In March 1869, the state legislature of Louisiana established a monopoly on slaughterhouses, consolidating all slaughterhouses in the state to belong to the Crescent City Live-Stock Landing and Slaughter-House Company. This monopolization had the ultimate goal of reducing health issues caused by waste products from the slaughterhouses contaminating Louisiana’s water sources. However, slaughterhouse owners belonging to the Butchers’ Benevolent Association claimed the monopolization violated their rights under the privileges and immunities clause of the Fourteenth Amendment. However, the lower courts in Louisiana ruled in favor of Louisiana’s state legislature, and in 1873, the Supreme Court heard the Slaughterhouse Cases on a writ of error.


PRESIDING QUESTIONS:

Was the monopoly a violation of the 13th and 14th Amendments?


OUTCOME - 5-4 DECISION IN FAVOR OF THE STATE OF LOUISIANA AND CRESCENT CITY

  • The Court’s majority opinion ruled that the privileges and immunities clause of the Fourteenth Amendment only applied to citizenship rights at the federal level, not state citizenship.


  • Other justices on the Court dissented with the majority, since they believed that the limited interpretation of the Fourteenth Amendment was a violation of fundamental government protections of Constitutional rights under the American social contract.


PARTIES AND OPINIONS

Side 1- The State of Louisiana (Respondents)

  • Louisiana’s state legislature created the monopoly over slaughterhouses and consolidated all state slaughterhouses into Crescent City’s sole slaughterhouse.

  • Respondent Argument (Majority): It was not a violation of the Fourteenth Amendment nor its privileges and immunities clause for the state legislature to create the slaughterhouse monopoly, since the Fourteenth Amendment only applies to federal citizenship rights.


Side 2- The Slaughterhouse Owners (Plaintiffs)

  • These were the owners who had their slaughterhouses combined and monopolized into one singular entity by the state of Louisiana.
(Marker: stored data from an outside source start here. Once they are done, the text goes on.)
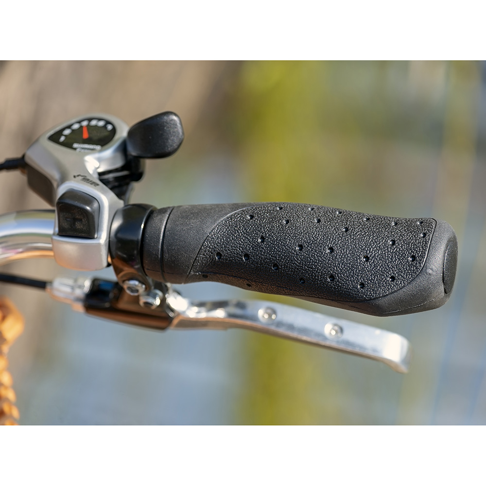 With an overall ratio range of 250%, 7 speed Shimano Tourney series Indexed derailleur gear system provides a useful range of gears for the majority of Urban cyclists. The simple push-button operation with an indicator window makes derailleur gear operation a breeze, even for the inexperienced user.
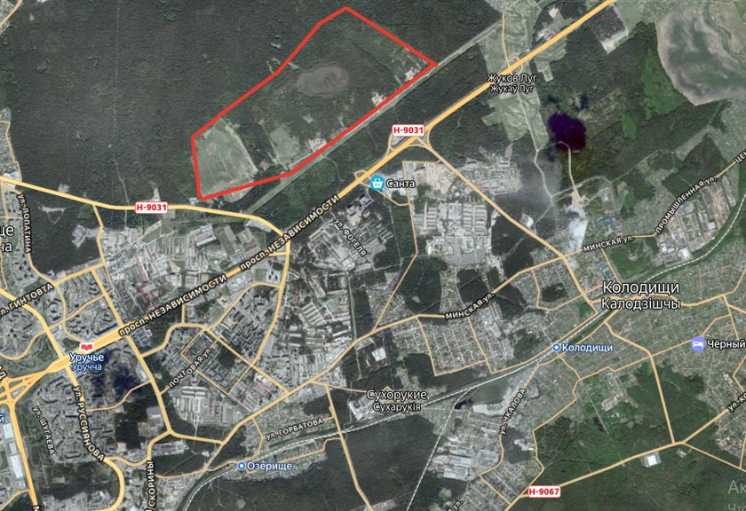Одной стороной он примыкает к трасе Колодищи-Заславль.
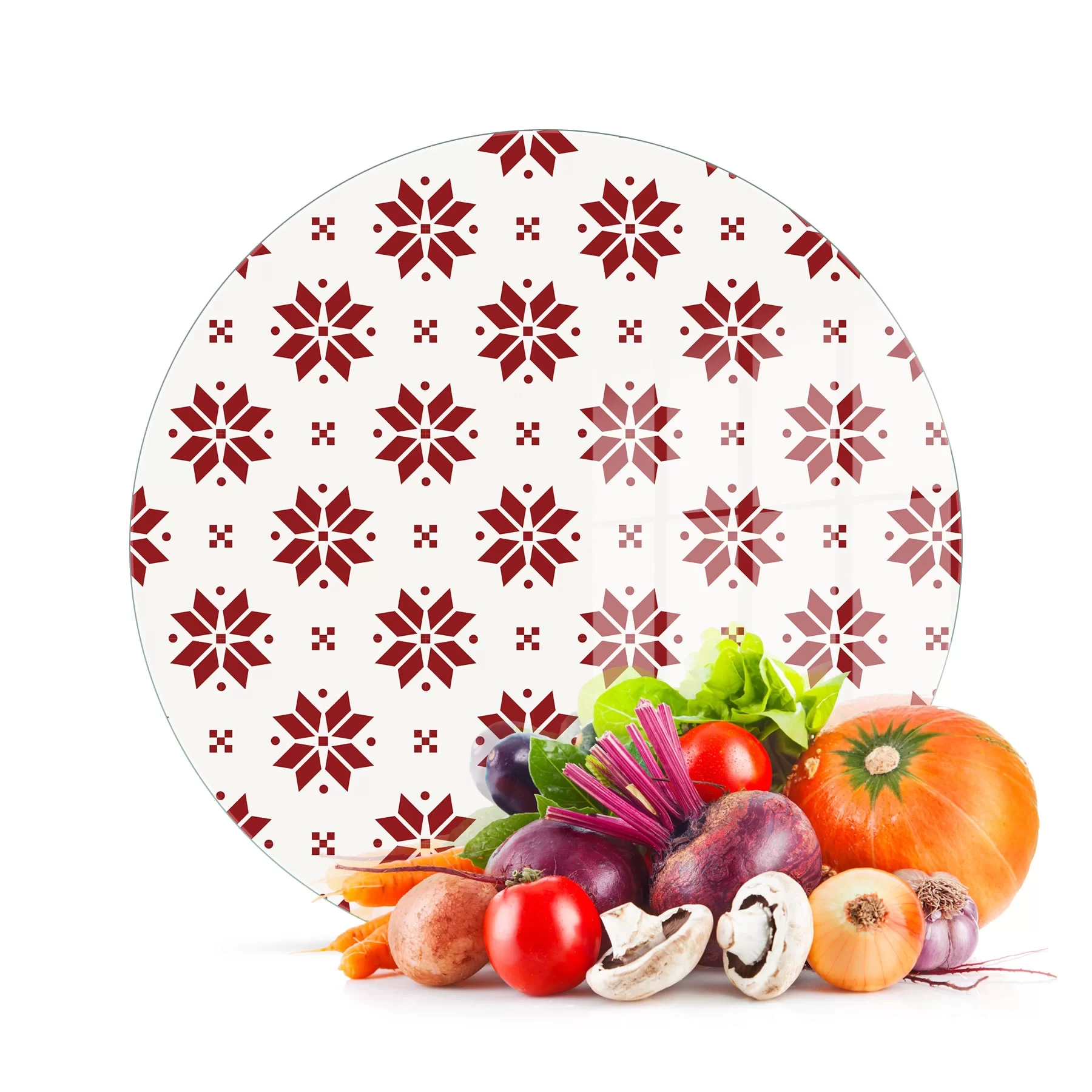 Decovetro Cam Kesme Tahtası ve Sunumluk Yuvarlak Kırmızı Kar Tanesi Desenli 30x30 Cm

  • Plaintiff Argument (Dissenting): The slaughterhouse owners argued that the monopolization forced them into involuntary servitude, which violated their Thirteenth and Fourteenth Amendment rights.



SIGNIFICANCE

  • The majority ruling effectively changed the interpretations of the privileges and immunities clause. Many historians and scholars consider this interpretation of the Fourteenth Amendment inaccurate for nearly one century after the slaughterhouse cases. Throughout the next century, the ruling also paved the path for certain states in the South to be able to limit the civil liberties of African-Americans and other racial minorities, since the Fourteenth Amendment protections no longer applied to state citizens. However, the impacts of the Slaughterhouse cases were temporary, as in Gitlow v. New York (1925) the 14th amendment was successfully incorporated into states, expanding protections to individual state citizens. Arguably, this incorporation allowed for the freedom of speech and freedom of the press to be upheld with due process at the state level, further extending Constitutional rights nationally.